/---

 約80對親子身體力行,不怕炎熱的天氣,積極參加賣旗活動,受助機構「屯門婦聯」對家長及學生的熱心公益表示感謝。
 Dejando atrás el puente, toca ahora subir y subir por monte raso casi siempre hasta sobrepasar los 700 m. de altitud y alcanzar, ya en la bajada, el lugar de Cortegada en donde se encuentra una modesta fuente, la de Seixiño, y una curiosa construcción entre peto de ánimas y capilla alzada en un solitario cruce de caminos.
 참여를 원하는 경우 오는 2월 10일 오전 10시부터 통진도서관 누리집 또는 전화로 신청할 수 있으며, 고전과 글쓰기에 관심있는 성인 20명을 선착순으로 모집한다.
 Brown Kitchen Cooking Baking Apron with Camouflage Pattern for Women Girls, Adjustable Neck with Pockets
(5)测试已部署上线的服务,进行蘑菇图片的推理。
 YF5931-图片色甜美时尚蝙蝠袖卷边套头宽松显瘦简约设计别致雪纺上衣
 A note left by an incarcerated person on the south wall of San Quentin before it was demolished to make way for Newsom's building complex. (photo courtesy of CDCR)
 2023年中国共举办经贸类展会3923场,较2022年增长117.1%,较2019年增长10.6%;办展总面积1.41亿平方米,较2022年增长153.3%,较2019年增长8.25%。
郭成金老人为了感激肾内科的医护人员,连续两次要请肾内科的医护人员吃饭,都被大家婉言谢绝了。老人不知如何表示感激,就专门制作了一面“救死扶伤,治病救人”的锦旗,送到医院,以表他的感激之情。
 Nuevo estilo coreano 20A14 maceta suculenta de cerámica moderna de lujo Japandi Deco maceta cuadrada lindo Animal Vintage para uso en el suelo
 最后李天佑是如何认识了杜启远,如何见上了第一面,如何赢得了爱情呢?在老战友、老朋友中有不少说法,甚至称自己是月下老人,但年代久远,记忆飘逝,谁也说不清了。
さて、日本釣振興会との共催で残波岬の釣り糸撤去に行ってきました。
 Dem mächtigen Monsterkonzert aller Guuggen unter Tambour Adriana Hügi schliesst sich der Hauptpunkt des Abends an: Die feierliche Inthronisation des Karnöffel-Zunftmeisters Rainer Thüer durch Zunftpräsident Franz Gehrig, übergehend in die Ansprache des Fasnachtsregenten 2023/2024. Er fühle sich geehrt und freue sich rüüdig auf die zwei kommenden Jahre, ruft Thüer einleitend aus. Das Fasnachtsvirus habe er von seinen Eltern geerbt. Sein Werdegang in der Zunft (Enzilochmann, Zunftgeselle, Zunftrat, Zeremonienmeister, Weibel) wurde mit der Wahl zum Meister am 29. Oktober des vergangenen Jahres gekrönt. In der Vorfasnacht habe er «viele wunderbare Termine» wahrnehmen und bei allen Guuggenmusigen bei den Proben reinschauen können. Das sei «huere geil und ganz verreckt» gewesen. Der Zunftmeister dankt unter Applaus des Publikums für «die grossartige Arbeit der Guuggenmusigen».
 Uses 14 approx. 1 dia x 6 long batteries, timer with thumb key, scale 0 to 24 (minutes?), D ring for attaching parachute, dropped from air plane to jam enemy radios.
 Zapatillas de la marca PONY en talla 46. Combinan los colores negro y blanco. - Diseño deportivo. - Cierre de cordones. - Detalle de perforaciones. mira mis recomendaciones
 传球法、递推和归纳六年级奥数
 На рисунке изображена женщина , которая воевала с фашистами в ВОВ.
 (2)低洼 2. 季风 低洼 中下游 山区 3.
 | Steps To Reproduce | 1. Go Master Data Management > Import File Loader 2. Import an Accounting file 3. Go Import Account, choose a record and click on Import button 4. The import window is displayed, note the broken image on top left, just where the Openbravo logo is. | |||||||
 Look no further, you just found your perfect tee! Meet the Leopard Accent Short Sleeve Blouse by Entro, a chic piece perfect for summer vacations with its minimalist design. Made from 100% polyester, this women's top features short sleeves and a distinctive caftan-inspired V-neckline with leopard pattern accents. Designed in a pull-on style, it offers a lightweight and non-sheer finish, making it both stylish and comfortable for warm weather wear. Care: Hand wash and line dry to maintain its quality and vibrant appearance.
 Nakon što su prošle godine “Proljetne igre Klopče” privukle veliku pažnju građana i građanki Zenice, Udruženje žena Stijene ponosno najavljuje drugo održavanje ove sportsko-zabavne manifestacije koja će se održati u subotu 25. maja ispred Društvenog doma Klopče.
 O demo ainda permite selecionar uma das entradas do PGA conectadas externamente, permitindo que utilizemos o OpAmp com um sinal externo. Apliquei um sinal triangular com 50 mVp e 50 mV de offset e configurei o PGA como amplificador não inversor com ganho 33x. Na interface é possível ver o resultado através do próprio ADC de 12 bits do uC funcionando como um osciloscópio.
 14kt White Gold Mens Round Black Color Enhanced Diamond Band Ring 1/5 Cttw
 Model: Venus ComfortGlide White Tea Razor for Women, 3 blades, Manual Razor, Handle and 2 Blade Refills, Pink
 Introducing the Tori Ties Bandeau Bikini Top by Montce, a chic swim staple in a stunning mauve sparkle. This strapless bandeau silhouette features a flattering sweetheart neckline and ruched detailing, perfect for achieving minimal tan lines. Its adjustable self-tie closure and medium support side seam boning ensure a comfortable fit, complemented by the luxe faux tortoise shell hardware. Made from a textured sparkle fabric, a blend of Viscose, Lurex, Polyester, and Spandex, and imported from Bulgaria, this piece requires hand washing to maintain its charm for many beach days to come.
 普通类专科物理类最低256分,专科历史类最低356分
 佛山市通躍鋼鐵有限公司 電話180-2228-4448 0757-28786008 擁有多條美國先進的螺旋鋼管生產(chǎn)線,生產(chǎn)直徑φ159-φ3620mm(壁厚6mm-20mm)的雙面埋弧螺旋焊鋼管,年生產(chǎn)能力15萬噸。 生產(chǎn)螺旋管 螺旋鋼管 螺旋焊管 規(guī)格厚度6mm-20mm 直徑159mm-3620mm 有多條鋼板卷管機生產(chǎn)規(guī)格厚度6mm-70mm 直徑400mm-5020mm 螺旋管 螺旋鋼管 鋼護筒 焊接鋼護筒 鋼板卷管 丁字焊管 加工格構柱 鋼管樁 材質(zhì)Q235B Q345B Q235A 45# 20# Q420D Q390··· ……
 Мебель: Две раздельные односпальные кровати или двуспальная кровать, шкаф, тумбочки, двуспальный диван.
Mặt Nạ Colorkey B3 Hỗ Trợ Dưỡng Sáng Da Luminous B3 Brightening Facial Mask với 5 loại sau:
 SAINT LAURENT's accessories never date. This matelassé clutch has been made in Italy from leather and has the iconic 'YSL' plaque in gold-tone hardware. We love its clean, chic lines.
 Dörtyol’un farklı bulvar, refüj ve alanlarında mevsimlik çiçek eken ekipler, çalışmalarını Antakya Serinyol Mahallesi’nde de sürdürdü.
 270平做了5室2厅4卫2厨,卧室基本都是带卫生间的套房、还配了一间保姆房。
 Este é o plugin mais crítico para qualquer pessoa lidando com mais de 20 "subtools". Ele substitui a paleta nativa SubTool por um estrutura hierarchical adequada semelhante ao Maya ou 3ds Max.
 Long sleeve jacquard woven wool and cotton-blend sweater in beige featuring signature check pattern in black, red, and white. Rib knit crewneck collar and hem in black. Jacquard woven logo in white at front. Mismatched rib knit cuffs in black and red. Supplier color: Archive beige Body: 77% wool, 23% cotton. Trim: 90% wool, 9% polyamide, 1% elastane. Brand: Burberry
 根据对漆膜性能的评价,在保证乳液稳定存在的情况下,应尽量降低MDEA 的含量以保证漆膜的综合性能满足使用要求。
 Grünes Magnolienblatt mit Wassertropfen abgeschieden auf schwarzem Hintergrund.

\---

The line containing "YF5931-图片色甜美时尚蝙蝠袖卷边套头宽松显瘦简约设计别致雪纺上衣" marks the end. Please print exactly every line from the top of the data to it, both included, and nothing more.

 約80對親子身體力行,不怕炎熱的天氣,積極參加賣旗活動,受助機構「屯門婦聯」對家長及學生的熱心公益表示感謝。
 Dejando atrás el puente, toca ahora subir y subir por monte raso casi siempre hasta sobrepasar los 700 m. de altitud y alcanzar, ya en la bajada, el lugar de Cortegada en donde se encuentra una modesta fuente, la de Seixiño, y una curiosa construcción entre peto de ánimas y capilla alzada en un solitario cruce de caminos.
 참여를 원하는 경우 오는 2월 10일 오전 10시부터 통진도서관 누리집 또는 전화로 신청할 수 있으며, 고전과 글쓰기에 관심있는 성인 20명을 선착순으로 모집한다.
 Brown Kitchen Cooking Baking Apron with Camouflage Pattern for Women Girls, Adjustable Neck with Pockets
(5)测试已部署上线的服务,进行蘑菇图片的推理。
 YF5931-图片色甜美时尚蝙蝠袖卷边套头宽松显瘦简约设计别致雪纺上衣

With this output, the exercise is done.